- _PROBLEM TO WORK ON_:
The records below hold a stretch from the line with "2. Tiết canh" through the line with "开服麦乐兽有限定3次的限时心"; return exactly those lines, ends included, and nothing more.

- _DATA FOR THIS TASK_:

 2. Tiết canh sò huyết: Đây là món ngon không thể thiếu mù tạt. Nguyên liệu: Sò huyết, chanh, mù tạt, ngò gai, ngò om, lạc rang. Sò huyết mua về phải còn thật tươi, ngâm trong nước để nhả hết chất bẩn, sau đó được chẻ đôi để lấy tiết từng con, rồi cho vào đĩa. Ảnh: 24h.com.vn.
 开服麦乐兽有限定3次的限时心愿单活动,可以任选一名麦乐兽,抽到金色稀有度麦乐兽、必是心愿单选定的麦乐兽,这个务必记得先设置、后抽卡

---

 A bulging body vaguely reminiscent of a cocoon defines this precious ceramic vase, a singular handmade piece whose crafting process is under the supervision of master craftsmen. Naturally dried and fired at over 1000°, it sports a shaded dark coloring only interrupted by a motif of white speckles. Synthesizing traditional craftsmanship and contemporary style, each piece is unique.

- _ANSWER AREA_:
 2. Tiết canh sò huyết: Đây là món ngon không thể thiếu mù tạt. Nguyên liệu: Sò huyết, chanh, mù tạt, ngò gai, ngò om, lạc rang. Sò huyết mua về phải còn thật tươi, ngâm trong nước để nhả hết chất bẩn, sau đó được chẻ đôi để lấy tiết từng con, rồi cho vào đĩa. Ảnh: 24h.com.vn.
 开服麦乐兽有限定3次的限时心愿单活动,可以任选一名麦乐兽,抽到金色稀有度麦乐兽、必是心愿单选定的麦乐兽,这个务必记得先设置、后抽卡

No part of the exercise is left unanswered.